Officials from across the government - including the Bush administration, Congress and intelligence agencies - spoke for this article on the condition of anonymity because they were discussing a debate over classified intelligence information.

Some officials said that given all that has happened over the past four years, it is appropriate that the intelligence agencies take care to avoid going down the same path that led the United States to war with Iraq.

"Analysts were burned pretty badly during the run-up to the war in Iraq," said Rep.
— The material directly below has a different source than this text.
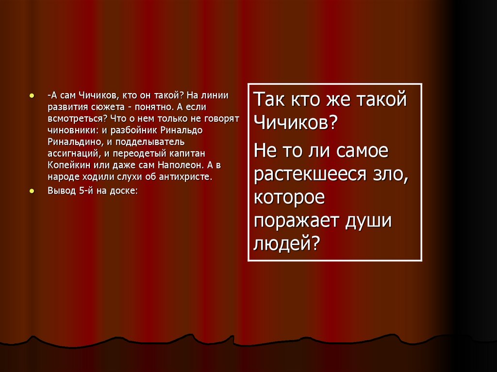 -А сам Чичиков, кто он такой? На линииразвития сюжета - понятно. А если
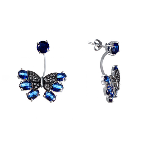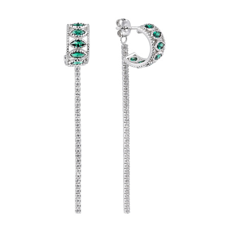 Серьги из серебра 925 пробы с фианитами и ювелирным стеклом

Rush D. Holt, a New Jersey Democrat, a member of the House Intelligence Committee. "I'm not surprised that some in the intelligence community are a bit gun-shy about appearing to be warmongering."

Several intelligence officials said the spy agencies have made assessments in recent weeks that despite established ties between Iran and Hezbollah, and a well-documented history of Iran's arming the organization, there was no credible evidence to suggest that Iran ordered the Hezbollah raid that touched off the recent fighting or that Iran was directly controlling attacks against Israel.

"There are no provable signs of Iranian direction on the ground," an intelligence official in Washington said. "Nobody should think that Hezbollah is a remote-controlled entity."

U.S. military assessments have broadly echoed that view, say people who maintain close ties to military intelligence officers.

Many senior Bush administration officials have long been dismissive of the work of the intelligence agencies. Shortly after the Sept. 11 attacks, the Pentagon set up an office led by Douglas J. Feith, then the Defense Department's third-ranking civilian official, that sifted through raw intelligence to look for links between terrorist networks and governments like Iraq's.